These examples demonstrate the technical aspects of Reddit’s infrastructure and cultural sentiment, how information circulates and how content can be controlled. Reddit has a history of controversy and seems to be an intermediary space between mainstream media sites and the darker corners of the web such as 4chan (thehill.com; Malmgren, 2017). But it is important to understand how events similar to these occur on Reddit, and what functionalities are vulnerable to exploitation. How does Reddit’s ranking algorithms, technical nature, and culture contribute and influence the way information is shared? This leads me into the next aspect of this thesis: the role of computation and automation (i.e. bots).

1.2.2 Bots

In order to begin exploring the operationalization of bots in digital spaces, a distinction should be made here about what bots are, what they do, what they are capable of, and where they are placed in the discussion over social media, misinformation, automation, data, and networked activity. Bots are capable of performing infrastructural tasks. These functional bots are helpful in their imaginings Some of the ways in which bots are used include scraping, crawling or cleaning websites, capturing and performing web analytics, assisting in customer services (Geiger, 2014), assisting in data research and many other administrative tasks. But in their utile capacities and given the right environment, their abuse seems to almost inevitably follow, especially in cultures where the hacking of systems is a pillar of that culture.
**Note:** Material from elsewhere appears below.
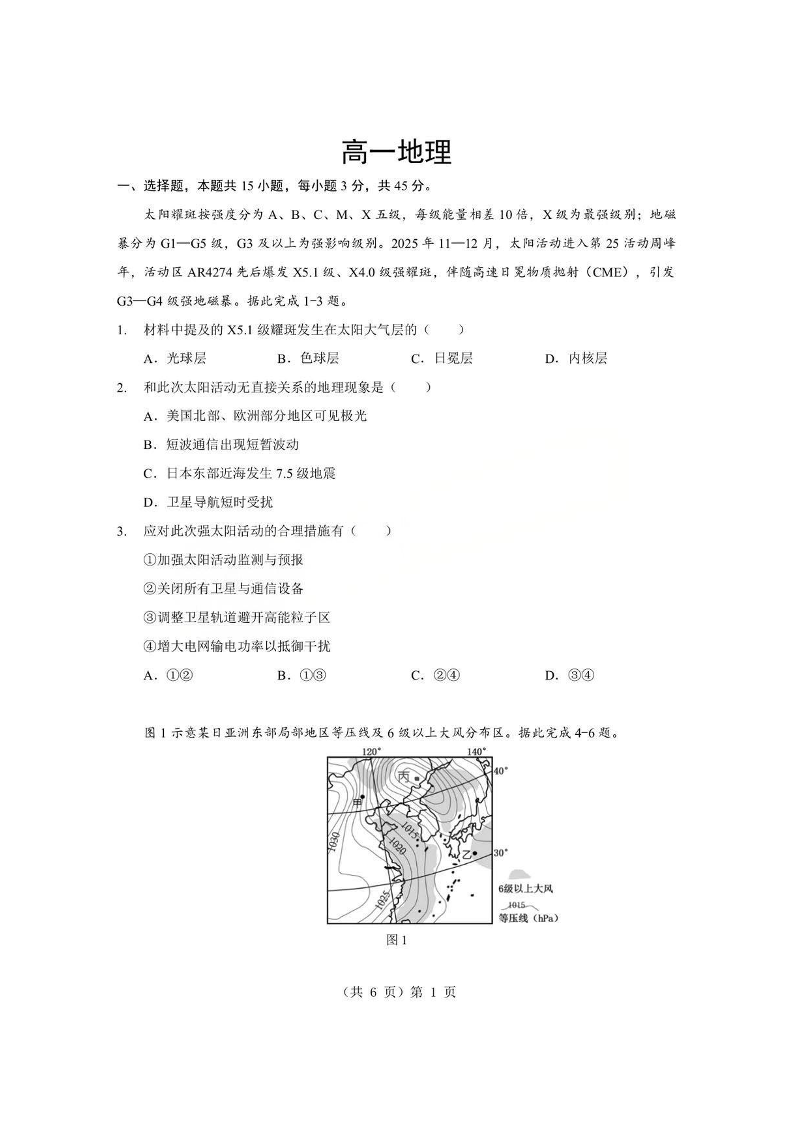 孝感市楚天协作体2025-2026学年度上学期高一年级期末考试 地理试题(含答案).pdf

This is where the notion of harmful or malicious bots can begin to be explored within the context of Reddit. The use of automated systems on social networking sites seem to be responsible for purposeful swaying, manipulating, guiding, drowning, or altering the public discourse of political elections online (Woolley, 2017). Even functional bots have been seen erring on the side of spreading

(10)

misinformation during the Boston Marathon Bombing (Cassa et al, 2013) Those bots were considered benign and were more a product of a faulty architecture, spreading false information about suspects. Similarly, Twitter’s experimental chatbot, Tay, after digesting a corpus of tweets from other users, began tweeting hateful, racist, misogynistic, pro-Hitler content (Neff and Nagy, 2016). The more deliberate bot which attempts to hide its identity in order to astroturf, and present itself as contributing to a normative discussion. Social Bots are by definition deceptive, seeming human while in actuality being automated (Ferrara et al., 2014, Boshmaf, 2011). When Social Bots take on a specifically political sentiment they are considered to be political bots. Political bots have been seen to populate online spaces with partizan ideologies governing what kinds of things they post (Howard and Woolley, 2016). Numerous investigation and research into the influence political bots in the wake of the U.S. Presidential election have been undertaken to gauge the extent with which their environments were infiltrated, as well in other countries around the world (Forelle et al., 2017; Howard et al., 2017 Schafter et al., 2017, Wooley, 2017).

Bots are not just capable of circulating misinformation, but are also capable of reinforcing cultural sentiments. In what Lawrence Lessig refers to in his book Code and Other Laws of

Cyperspace, the code acts as an infrastructure that has the ability to enforce social normative and

governmental rules that is omnipresent, omnitemporal, and automated (Lessig, 1999). Because an automated process can run indefinitely, their presence can allow for a normative discourse to emerge that is encouraged by that process. We will see examples of this in a later chapter on /r/The_Donald.

1.3 Outline

The following chapters and sections of this thesis will review some of the classifications and methodologies of bot research, namely: functional bots, harmful bots, social bots, political bots, and sockpuppets. This chapter on bot research is informed by publications from accredited academic institutions. The sites of investigation where bots are present in include Wikipedia, Twitter, Facebook, and Reddit. The section on sockpuppets will elaborate on SEO strategies and involve various social media accounts which are operated by humans, but where activity is bought and sold.

(11)

The following chapter will present background and history on Reddit as well as its

infrastructure. This will include aspects of Reddit’s site specificity, content policies, and controversial events. Specifically, research regarding Gamergate, The Fappening, and /r/The_Donald will be presented. Another section involving an ethnographic studying on the requesting and creation of bots will be presented

Reddit is considered to have a high degree of internal governance, and has produced non-accredited research regarding bots on the site. Reddit has also released its 2017 Transparency Report where it documents many suspicious accounts and the subreddits they were seen most active in.

Original research is also presented in a Methodology and Findings chapter where particular subreddits are scraped in order to identify bot accounts. Google BigQuery is used to perform the data scrape where a data set of Reddit posts and comments dating back to 2007 is available. Those accounts are then looked at individually in order to gain a sense of the type of activity they partake in as well as to if there are specific attributes to the community those bots are found in.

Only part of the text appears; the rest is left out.